Is cloud telephony the same as VoIP?

They are closely related but not identical. VoIP is the underlying technology that carries your voice as data over the internet. Cloud telephony is the whole service built on top of that technology and delivered from the cloud, including your numbers, call routing, voicemail and features. Put simply, VoIP is how the call travels, and cloud telephony is how the entire phone service is provided.

How is cloud telephony different from a traditional phone system?

A traditional system relies on a physical PBX box installed in your building and a copper line for each phone. Cloud telephony removes both. The phone system runs in the cloud, calls travel over your existing broadband, and there is no hardware to buy or maintain. You can add or remove users instantly, and staff can answer calls from anywhere with an internet connection.

Why is cloud telephony important for UK businesses now?
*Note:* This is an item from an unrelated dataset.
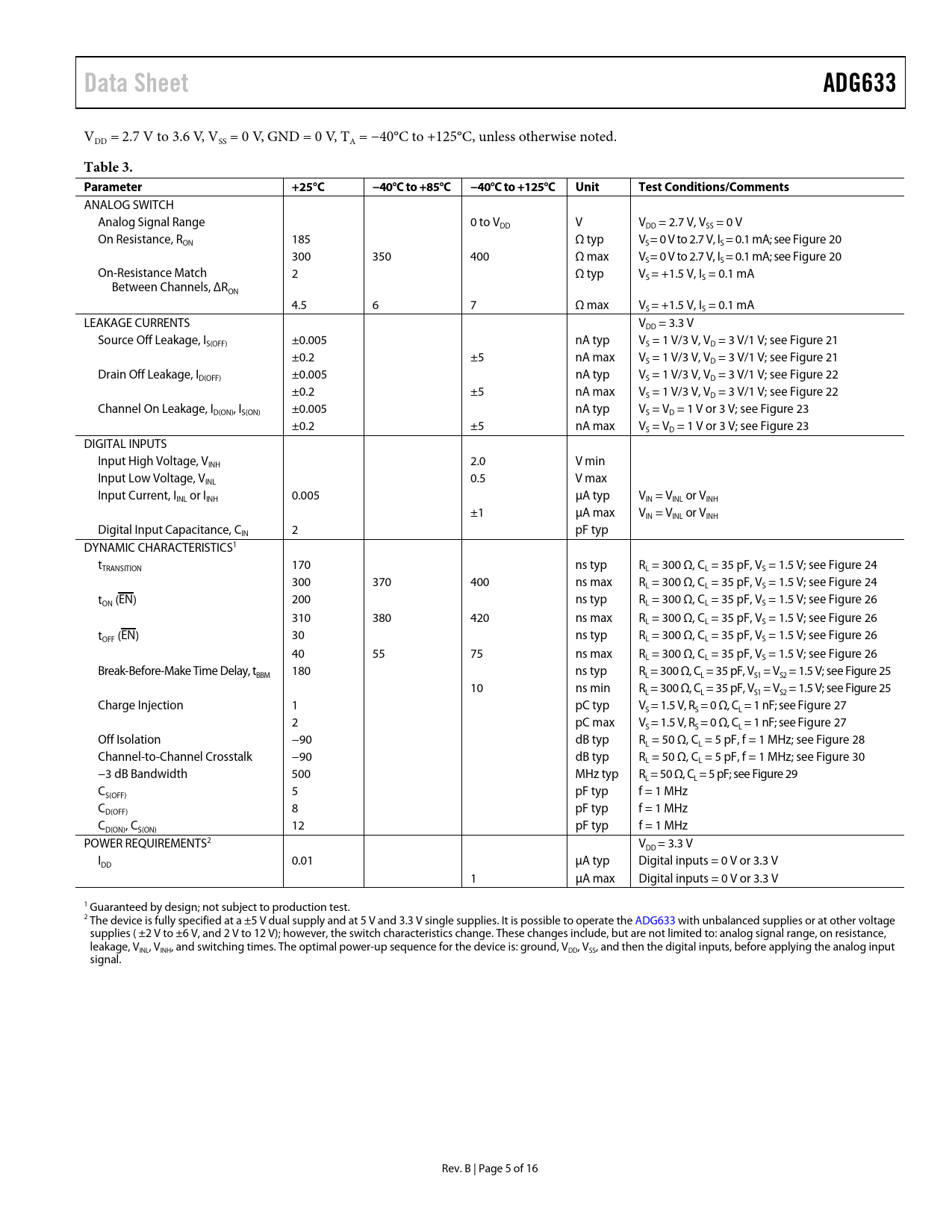 ANALOG SWITCH Analog Signal Range 0 to VDD V VDD = 2.7 V, VSS = 0 V On Resistance, RON 185 Ω typ VS = 0 V to 2.7 V, IS = 0.1 mA; see Figure 20 300 350 400 Ω max VS = 0 V to 2.7 V, IS = 0.1 mA; see Figure 20 On-Resistance Match 2 Ω typ VS = +1.5 V, IS = 0.1 mA Between Channels, ΔRON 4.5 6 7 Ω max VS = +1.5 V, IS = 0.1 mA LEAKAGE CURRENTS VDD = 3.3 V Source Off Leakage, IS(OFF) ±0.005 nA typ VS = 1 V/3 V, VD = 3 V/1 V; see Figure 21 ±0.2 ±5 nA max VS = 1 V/3 V, VD = 3 V/1 V; see Figure 21 Drain Off Leakage, ID(OFF) ±0.005 nA typ VS = 1 V/3 V, VD = 3 V/1 V; see Figure 22 ±0.2 ±5 nA max VS = 1 V/3 V, VD = 3 V/1 V; see Figure 22 Channel On Leakage, ID(ON), IS(ON) ±0.005 nA typ VS = VD = 1 V or 3 V; see Figure 23 ±0.2 ±5 nA max VS = VD = 1 V or 3 V; see Figure 23 DIGITAL INPUTS Input High Voltage, VINH 2.0 V min Input Low Voltage, VINL 0.5 V max Input Current, IINL or IINH 0.005 μA typ VIN = VINL or VINH ±1 μA max VIN = VINL or VINH Digital Input Capacitance, CIN 2 pF typ DYNAMIC CHARACTERISTICS1 tTRANSITION 170 ns typ RL = 300 Ω, CL = 35 pF, VS = 1.5 V; see Figure 24 300 370 400 ns max RL = 300 Ω, CL = 35 pF, VS = 1.5 V; see Figure 24 tON (EN) 200 ns typ RL = 300 Ω, CL = 35 pF, VS = 1.5 V; see Figure 26 310 380 420 ns max RL = 300 Ω, CL = 35 pF, VS = 1.5 V; see Figure 26 tOFF (EN) 30 ns typ RL = 300 Ω, CL = 35 pF, VS = 1.5 V; see Figure 26 40 55 75 ns max RL = 300 Ω, CL = 35 pF, VS = 1.5 V; see Figure 26 Break-Before-Make Time Delay, tBBM 180 ns typ RL = 300 Ω, CL = 35 pF, VS1 = VS2 = 1.5 V; see Figure 25 10 ns min RL = 300 Ω, CL = 35 pF, VS1 = VS2 = 1.5 V; see Figure 25 Charge Injection 1 pC typ VS = 1.5 V, RS = 0 Ω, CL = 1 nF; see Figure 27 2 pC max VS = 1.5 V, RS = 0 Ω, CL = 1 nF; see Figure 27 Off Isolation −90 dB typ RL = 50 Ω, CL = 5 pF, f = 1 MHz; see Figure 28 Channel-to-Channel Crosstalk −90 dB typ RL = 50 Ω, CL = 5 pF, f = 1 MHz; see Figure 30 −3 dB Bandwidth 500 MHz typ RL = 50 Ω, CL = 5 pF; see Figure 29 CS(OFF) 5 pF typ f = 1 MHz CD(OFF) 8 pF typ f = 1 MHz CD(ON), CS(ON) 12 pF typ f = 1 MHz POWER REQUIREMENTS2 VDD = 3.3 V IDD 0.01 μA typ Digital inputs = 0 V or 3.3 V 1 μA max Digital inputs = 0 V or 3.3 V 1 Guaranteed by design; not subject to production test. 2 The device is fully specified at a ±5 V dual supply and at 5 V and 3.3 V single supplies. It is possible to operate the ADG633 with unbalanced supplies or at other voltage supplies ( ±2 V to ±6 V, and 2 V to 12 V); however, the switch characteristics change. These changes include, but are not limited to: analog signal range, on resistance, leakage, VINL, VINH, and switching times. The optimal power-up sequence for the device is: ground, VDD, VSS, and then the digital inputs, before applying the analog input signal. Rev. B | Page 5 of 16 Document Outline FEATURES APPLICATIONS FUNCTIONAL BLOCK DIAGRAM GENERAL DESCRIPTION PRODUCT HIGHLIGHTS TABLE OF CONTENTS REVISION HISTORY SPECIFICATIONS DUAL-SUPPLY OPERATION SINGLE-SUPPLY OPERATION ABSOLUTE MAXIMUM RATINGS ESD CAUTION PIN CONFIGURATIONS AND FUNCTION DESCRIPTIONS TYPICAL PERFORMANCE CHARACTERISTICS TERMINOLOGY TEST CIRCUITS OUTLINE DIMENSIONS ORDERING GUIDE NOTES NOTES
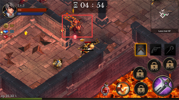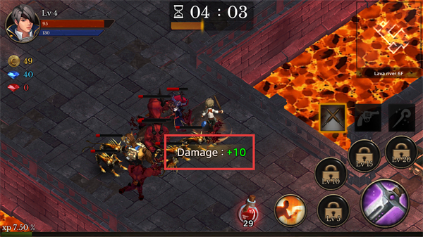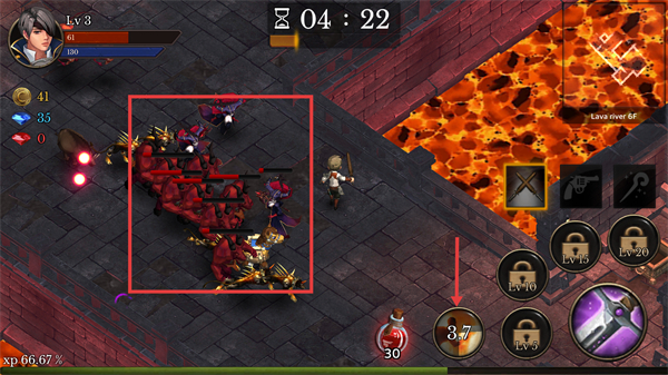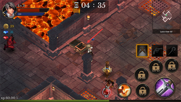 1、在熔巖場(chǎng)景的關(guān)卡中,操控角色攻擊敵方怪物,同時(shí)收集場(chǎng)景中的金幣資源,提升角色的經(jīng)驗(yàn)進(jìn)度。

The old PSTN copper network is being switched off on 31 January 2027, which means every UK business on traditional lines has to move to an internet-based phone service before then. Cloud telephony is the standard replacement. Moving now means you keep your numbers, gain flexibility and modern features, and avoid a last-minute scramble before the switch-off.

Do I need new equipment to use cloud telephony?

Usually not. Because the phone system lives in the cloud, you can make and take calls from a mobile app, a softphone in your web browser, or an IP desk phone that plugs into your network. A reliable broadband connection and a provider account are the essentials. There is no PBX box to install and no per-line copper to wire in.